The petition is utilizing the observation that there are certain rights
associated with the terminology of "buying" (or "selling") some product that
have been developed over hundreds of years with laws regarding physical
commodities. Physical objects are relatively simple to understand; the right
to resell or repurpose a physical object is well understood, for example. Such
rights are not merely an artifact of the legal system but are inherent to the
nature of physical things. No matter the letter of the law, the purchase of a
physical object implicates its transfer of possession and the physical
capabilities such possession implies (destruction, use, retooling,
repurposing, reselling, etc).

Intellectual constructs are a different matter, be it the selling of such
intellectual consctructs that interface with physical commodities --think
healthcare or perhaps selling access to some physical but expensive machine--
or the selling of intellectual constructs themselves --like stories or other
expressions of ideas. The law has frustratingly used traditional property laws
as its basis for investigating rights and liabilities with respect to these
intellectual constructs, despite mounting observations that such a foundation
is typically unsound. Licenses for software, as an example, can arbitrarily
grant and deny rights, unlike the rights of physical commodities that are an
inherent consequence of their physical nature.

The practical consequence for a consumer is that the "buying" that occurs for
a license or some other intellectual construct has the potential to bear
_little_ resemblance or _significant_ resemblance to the traditional notions
of "buying" a physical commodity that consumers have been exposed to for
centuries. The rights associated with various software licenses, for instance,
can vary considerably. "Buying" a piece of GPL software and "buying" a piece
of DRM-restricted and/or proprietary software are not, by any reasonable
interpretation of each situation, the same thing. One who purchases a GPL-
licensed piece of software is closer to the spirit of the term "buy" in its
historical context of the transfer of physical commodities at some set price.
Purchasing the proprietary and DRM'd software is more akin to "licensing" its
use for specific cases and more closely aligns with contract law vis a vis
services rendered.

Perhaps it would be better to say that one never "buys" software outright but
rather "purchases a license," the rights and liabilities of which may vary
dramatically, thus sidestepping the historical connotations of "buying" a
physical object. But then of course the consumer loses any and all distinction
between different types of licenses, effectively introducing the same problem
as attempting to use only the term "buying." In such a case, rights that were
once well-understood and reasonably presupposed by the consumer are now
entirely up in the air and largely in the hands of the producer. In either
case, it's clear to me that conflating the terms introduces problems.

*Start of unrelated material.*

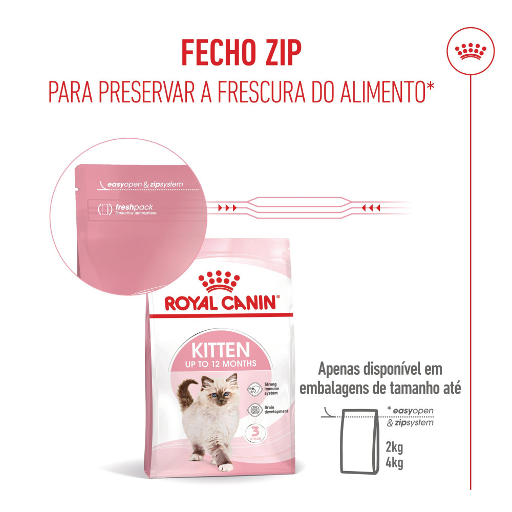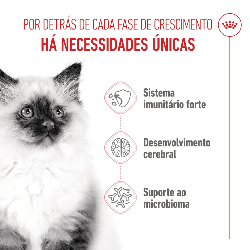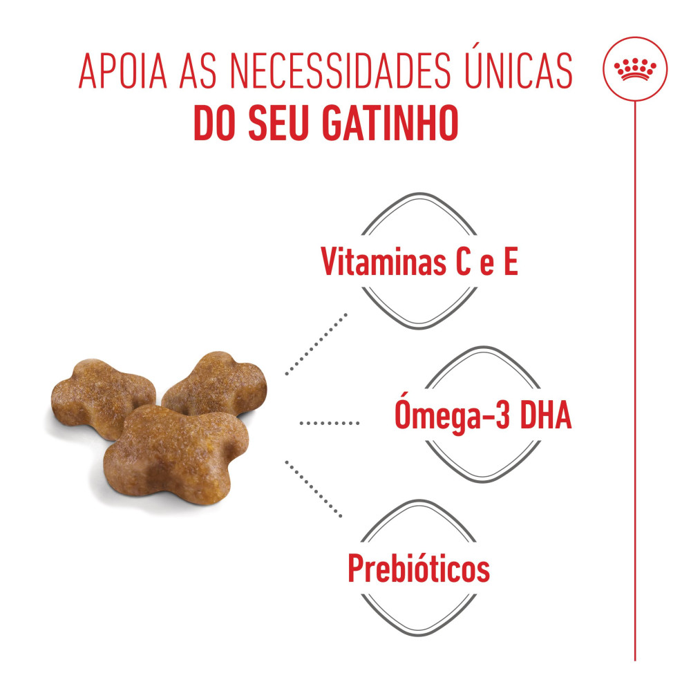 Dê ao seu gatinho tudo o que ele precisa para crescer saudável e cheio de energia! Royal Canin Kitten foi desenvolvido para atender às necessidades nutricionais dos gatinhos na fase de crescimento (4 a 12 meses), garantindo suporte imunológico, desenvolvimento cerebral e digestão equilibrada.

I believe the presence of restrictive DRM could serve as a useful litmus test
in gauging where on the scale such "licenses" to intellectual constructs fall
and thus whether the term "buy" or "license" would be more appropriate. The
current example on the crest of the news deals with the SimCity games. I know
I would say that I "bought" SimCity 2000 (regardless of what the letter of the
law would implicate). However, if I were to fork over cash for the most recent
version of the SimCity franchise, I would never say that I "bought" it, but
rather that I "licensed" it.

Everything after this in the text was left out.